Nayeri’s winning narrative voice makes this welcome complete, with its childlike innocence and retrospective, adult wisdom, like in kind to Harper Lee’s young heroine Scout in To Kill a Mockingbird. And this likeness doesn’t stop with voice. Like Scout, Daniel speaks with arresting vulnerability and authenticity, singing the plight of the mockingbird refugee with poignant intonations that evoke an empathy no news brief could ever accomplish. With allusions to Scheherezade, the narrator of 1001 Arabian Nights, Nayeri appeals to his readers, as if to the king, for an empathetic hearing and a merciful reception.
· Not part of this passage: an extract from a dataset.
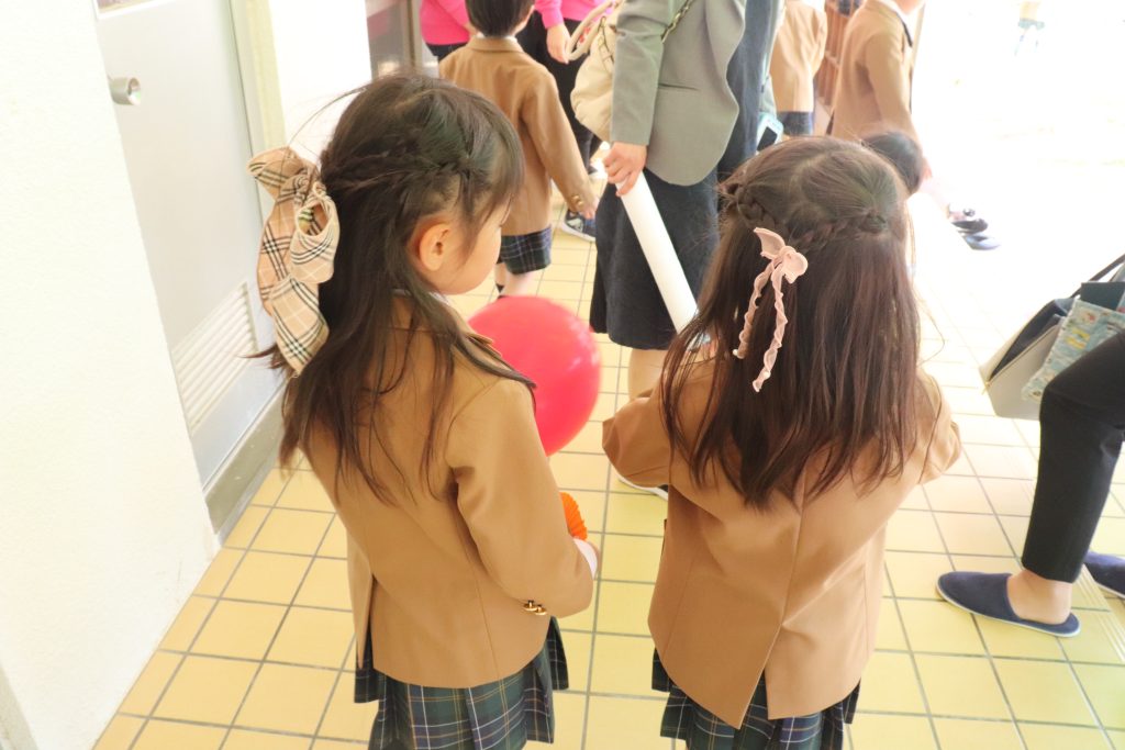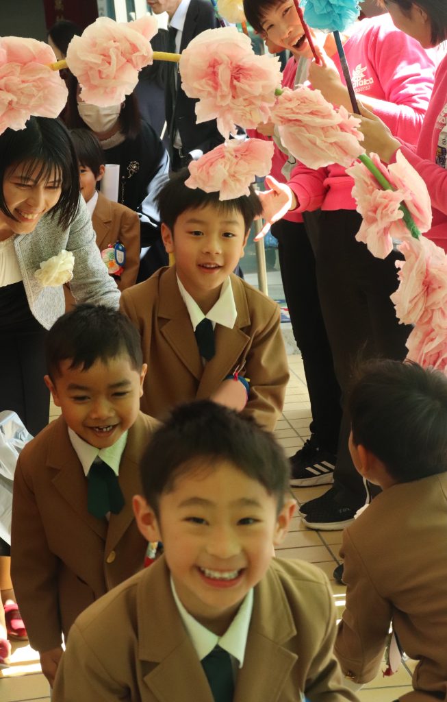 登園後にコサージュをつけてもらった年長組のみんな😊

But, he suggests, don’t think he’s “sucking up”: “The king was evil and made a bloody massacre of thousands of lives before he got to Scheherezade. It’s a responsibility to be the king. You’ve got my whole life in your hands,” he declares. With this modern homage to the Arabian Nights narrative, Nayeri, a modern Scheherezade and a skillful artist, seeks not only to divert, but also to humanize his reader-kings.

The scope of Nayeri’s apology surpasses the refugee crisis, however, to contextualize what C.S. Lewis termed his trilemma regarding the person of God: Who was this man called Jesus? Was he a liar, a lunatic, or the Lord of the whole earth? Nayeri borrows Lewis’s argument to address his own question: Why would his mother leave a profitable medical practice, a loving marriage and family, wealth, status, and everything familiar to live in poverty and shame as a refugee and outsider in rural Oklahoma? Her refusal to recant the faith that causes her circumstances suggests that she isn’t lying. Maybe she’s crazy? Khosrou says no; she’s the most intelligent and respectable person he’s ever known. What’s left, then? Could it be that she is compelled by the Truth? And if so, what of the resulting sadness in her family? Nayeri’s answers to these Primary Questions leave readers asking another hopeful question: What if everything sad is untrue?